++++ Provided records ++++
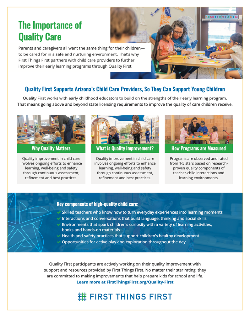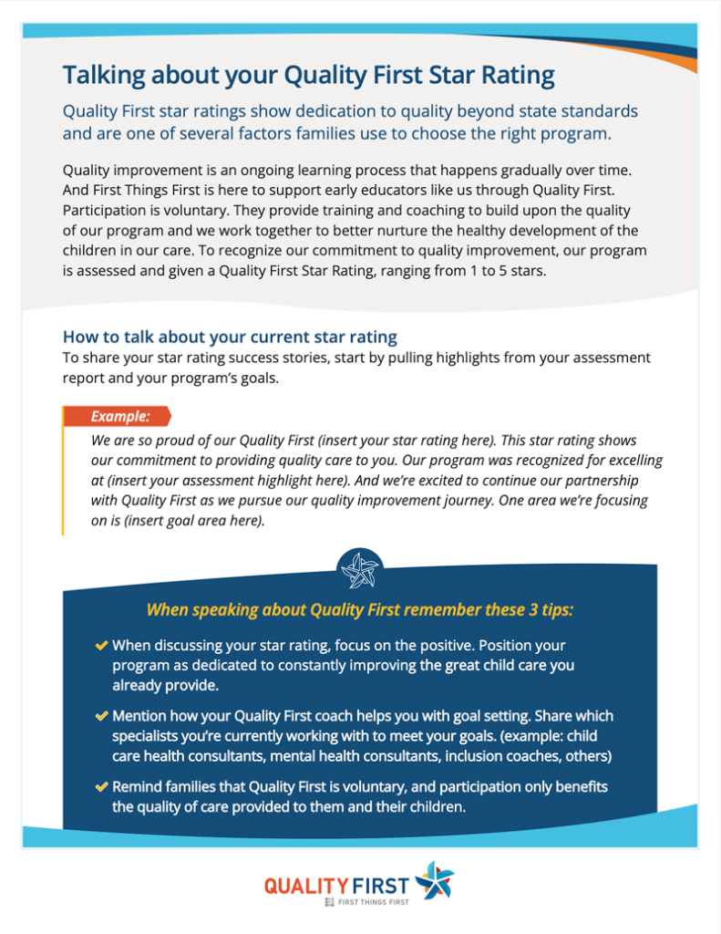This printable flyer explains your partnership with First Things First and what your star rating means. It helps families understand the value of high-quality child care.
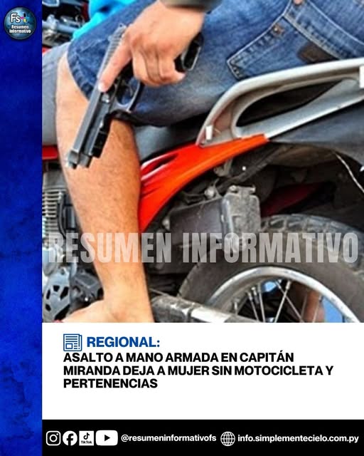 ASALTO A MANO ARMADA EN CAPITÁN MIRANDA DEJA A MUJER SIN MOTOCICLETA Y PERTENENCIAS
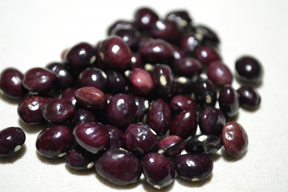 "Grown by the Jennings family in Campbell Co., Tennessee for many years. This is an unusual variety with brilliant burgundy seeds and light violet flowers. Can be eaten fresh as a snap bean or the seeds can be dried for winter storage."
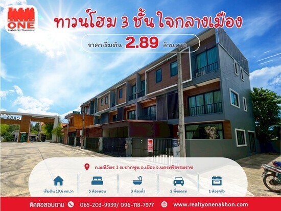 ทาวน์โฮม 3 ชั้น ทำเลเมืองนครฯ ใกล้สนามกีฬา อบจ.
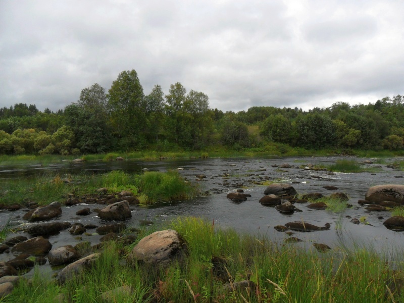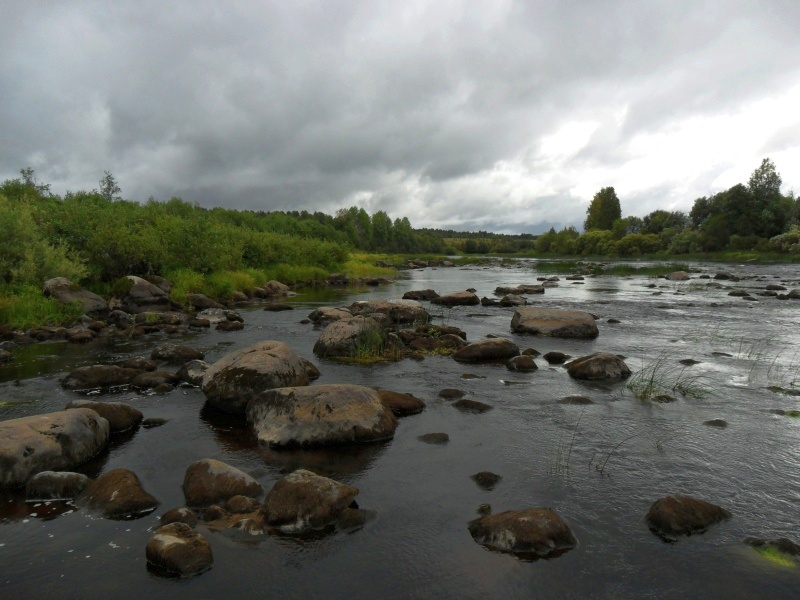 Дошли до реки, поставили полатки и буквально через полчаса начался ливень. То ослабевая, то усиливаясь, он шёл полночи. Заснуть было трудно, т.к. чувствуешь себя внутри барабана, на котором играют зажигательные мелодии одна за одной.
++++
++++ Provided records ++++
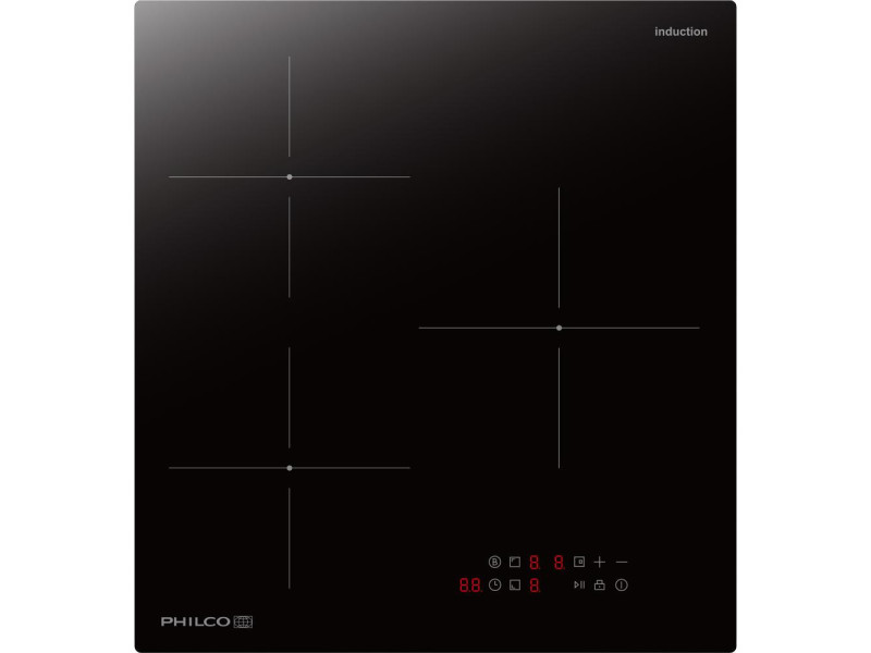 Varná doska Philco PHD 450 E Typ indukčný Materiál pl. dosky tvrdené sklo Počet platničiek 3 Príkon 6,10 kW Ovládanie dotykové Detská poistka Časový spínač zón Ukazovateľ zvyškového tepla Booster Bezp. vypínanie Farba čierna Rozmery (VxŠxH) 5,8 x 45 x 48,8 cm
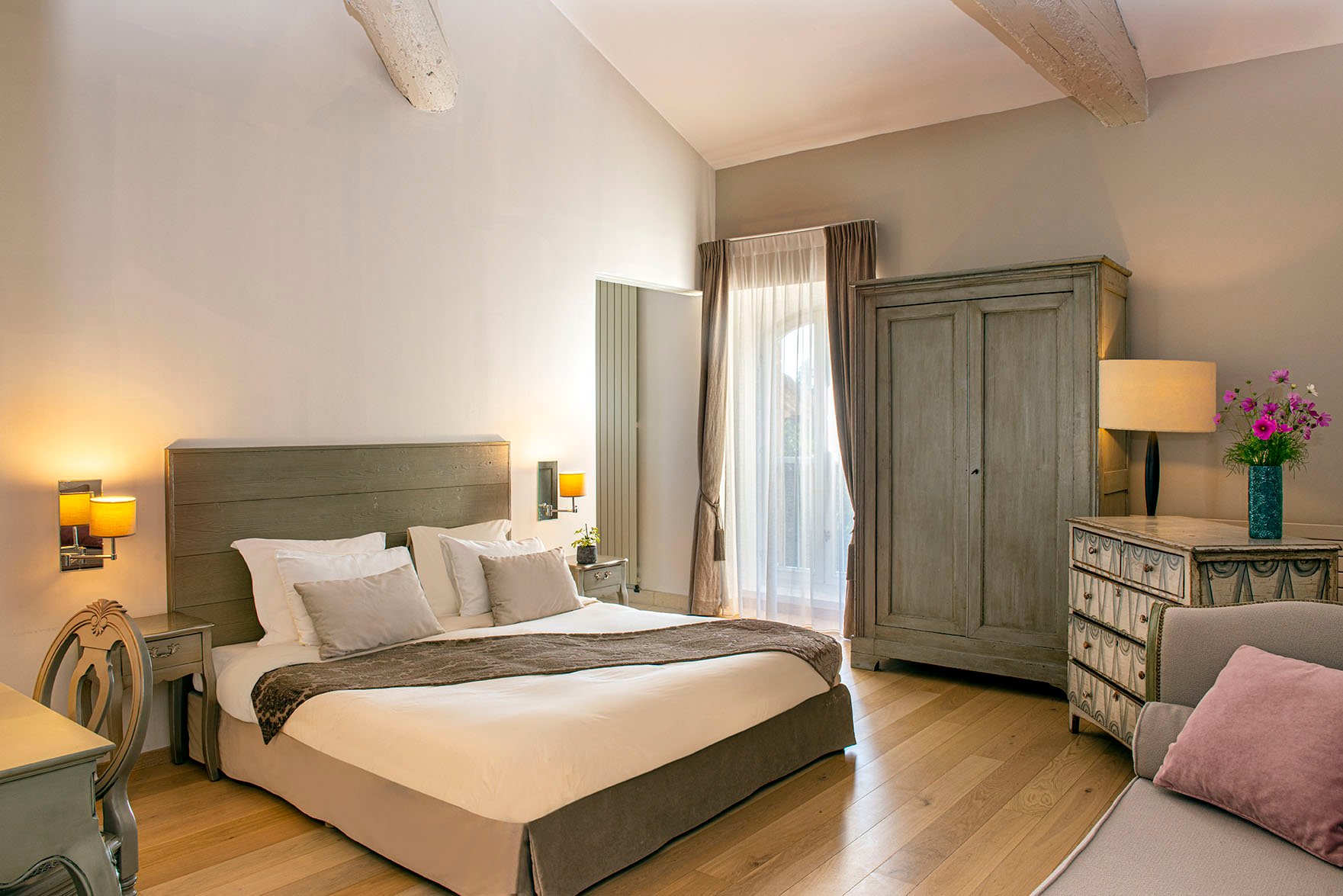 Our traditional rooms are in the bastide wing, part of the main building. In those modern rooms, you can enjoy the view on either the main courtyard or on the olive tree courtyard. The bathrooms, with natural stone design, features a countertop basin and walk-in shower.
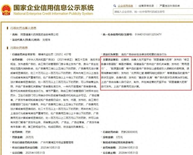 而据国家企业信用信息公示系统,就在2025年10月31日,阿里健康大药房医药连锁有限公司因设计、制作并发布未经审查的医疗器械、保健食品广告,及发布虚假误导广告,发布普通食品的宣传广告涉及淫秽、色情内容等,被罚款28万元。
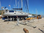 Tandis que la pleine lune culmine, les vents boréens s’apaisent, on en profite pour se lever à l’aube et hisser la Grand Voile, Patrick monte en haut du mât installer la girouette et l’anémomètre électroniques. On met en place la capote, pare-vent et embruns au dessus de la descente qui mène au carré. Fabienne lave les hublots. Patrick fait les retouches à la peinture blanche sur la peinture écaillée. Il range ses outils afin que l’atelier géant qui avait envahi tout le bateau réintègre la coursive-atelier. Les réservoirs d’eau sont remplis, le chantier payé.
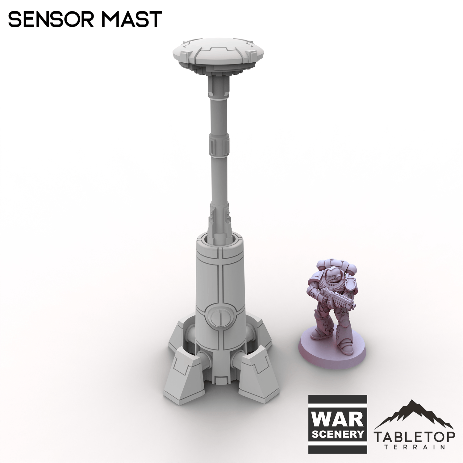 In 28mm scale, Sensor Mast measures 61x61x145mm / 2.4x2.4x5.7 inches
++++
++++ Provided records ++++
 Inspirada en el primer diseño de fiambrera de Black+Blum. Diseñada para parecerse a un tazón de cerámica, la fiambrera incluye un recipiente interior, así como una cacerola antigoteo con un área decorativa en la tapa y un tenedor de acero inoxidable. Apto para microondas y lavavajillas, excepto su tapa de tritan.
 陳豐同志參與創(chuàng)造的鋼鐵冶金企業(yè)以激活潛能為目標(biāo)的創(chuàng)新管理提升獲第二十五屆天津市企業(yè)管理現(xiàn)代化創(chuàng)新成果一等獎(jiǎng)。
++++
▶ [To do]
Starting at the line that contains "Varná doska Philco" and ending at the line that contains "Our traditional rooms", transcribe the material above exactly, excluding pictures.

▶ [Result for this exercise]
 Varná doska Philco PHD 450 E Typ indukčný Materiál pl. dosky tvrdené sklo Počet platničiek 3 Príkon 6,10 kW Ovládanie dotykové Detská poistka Časový spínač zón Ukazovateľ zvyškového tepla Booster Bezp. vypínanie Farba čierna Rozmery (VxŠxH) 5,8 x 45 x 48,8 cm
 Our traditional rooms are in the bastide wing, part of the main building. In those modern rooms, you can enjoy the view on either the main courtyard or on the olive tree courtyard. The bathrooms, with natural stone design, features a countertop basin and walk-in shower.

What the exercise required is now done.